The further objection, that mailing a copy of a summons and complaint at the Wall Street Station of the New York Post Office was not a sufficient compliance with the order which directed that the mailing should be made at the post office at New York city, is without merit.
Accordingly, the title tendered is good and marketable, since the objections thereto are without merit.
Submission of a controversy upon an agreed statement of facts pursuant to section 546 of the Civil Practice Act.
James Crooke McLeer, for the plaintiff.
No brief filed for the defendant.
[MAJORITY — Rich, J.:]
Rich, J.:
The parties on July 14, 1924, entered into a contract for the sale of premises known as No. 2349 Alden avenue in the borough of Queens. Plaintiff’s title to the premises in question is derived by mesne conveyances from the purchaser in a foreclosure action affecting a parcel of land of some six acres, of which the plaintiff’s property was a part. Defendant at the closing of title rejected the plaintiff’s title on the following grounds:
“ First. Insufficiency of the affidavit upon which order of publication was granted in that it did not show due diligence as required by statute.
“ Second. Noncompliance with the terms of said order of publication in respect to the manner of mailing summons and complaint and order in that the proofs disclose the mailing was done at the Wall Street Station of the New York Post Office in New York City, whereas, the order itself provided that the mailing should be made at the Post Office at New York City.”
The defendant has favored us with no brief, but it appears from the affidavit upon which the order of publication was granted and substituted service was made that Lewis, the owner of the equity of redemption, had been a practicing attorney in York, Penn.; that he had left that city during the month of July, 1917, owing a large sum of money and that it was impossible to find him, both his former office associate and his children stating that they had no information as to his whereabouts. Under the circumstances, I am of the opinion that the court was justified in concluding that the plaintiff would be unable with due diligence to make personal service of the summons. In any event, it is doubtful whether Lewis was a- necessary party, in that he had been adjudged a bankrupt on September 6, 1917, and the trustee in bankruptcy was made a party defendant. (.Landon v. Townshend, 112 N. Y. 93, 99.)

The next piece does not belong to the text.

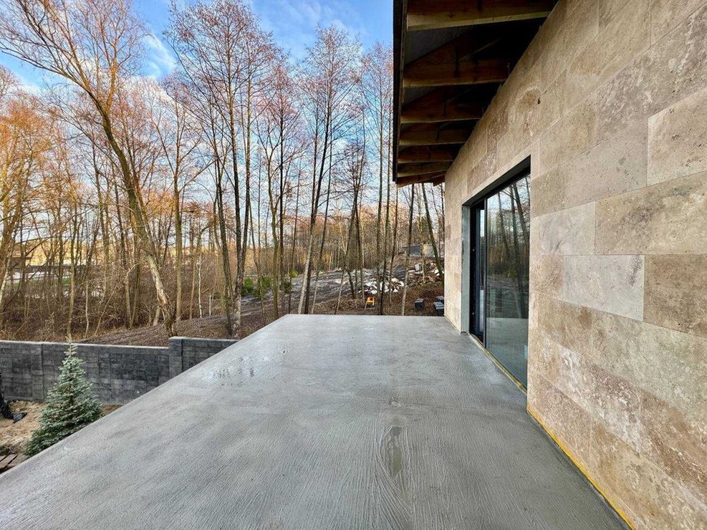 Фасад: травертин + термодерево
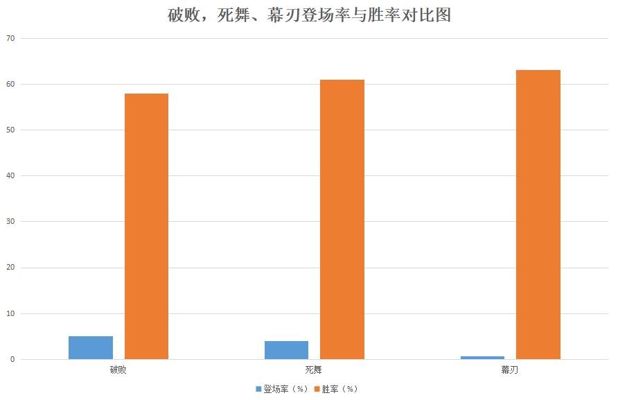解读了三相和冰拳的适用场景之后,我们再来看看第三件装备究竟应该如何选择。首先是三件装备的登场率和胜率,从图中我们可以看出,幕刃是比较冷门的一种出装,这种打法注重的是穿甲和爆发伤害,主要应用场景是面对对手脆皮较多,而EZ的发育非常好的时候,当然,幕刃的出装搭配三相效果更好,能够打出非常可观的爆发,但在正常对局中,这种打法适用性较差。而破败作为主流的打法,其出场率比新套路死亡之舞略高,但是胜率上却有着比较明显的差距,足以看出在目前的版本中,死亡之舞的作用要大于破败,也更加适合EZ。

In reference to the second objection, I am of the opinion that
the mailing of the summons and complaint and order at the Wall Street Station of the New York post office was a sufficient compliance with the order. (Code Civ. Proc. §§ 440, 801; now Rules Civ. Prac. rule 50; Civ. Prac. Act, § 164; Korn v. Lipman, 201 N. Y. 404, 407; Von der Heyde v. Ditmars, 174 App. Div. 390.) It follows that the question submitted — Did the plaintiff tender a good and marketable title? — must be answered in the affirmative, and judgment directed for the plaintiff against the defendant, directing him to specifically perform the contract of sale, with costs.
Kelly, P." J., Jaycox, Manning and Young, JJ., concur.
Judgment for plaintiff upon agreed statement of facts, with costs.
See Code Civ. Proe. § 439; now Civ. Prac. Act, § 232.—[Rep.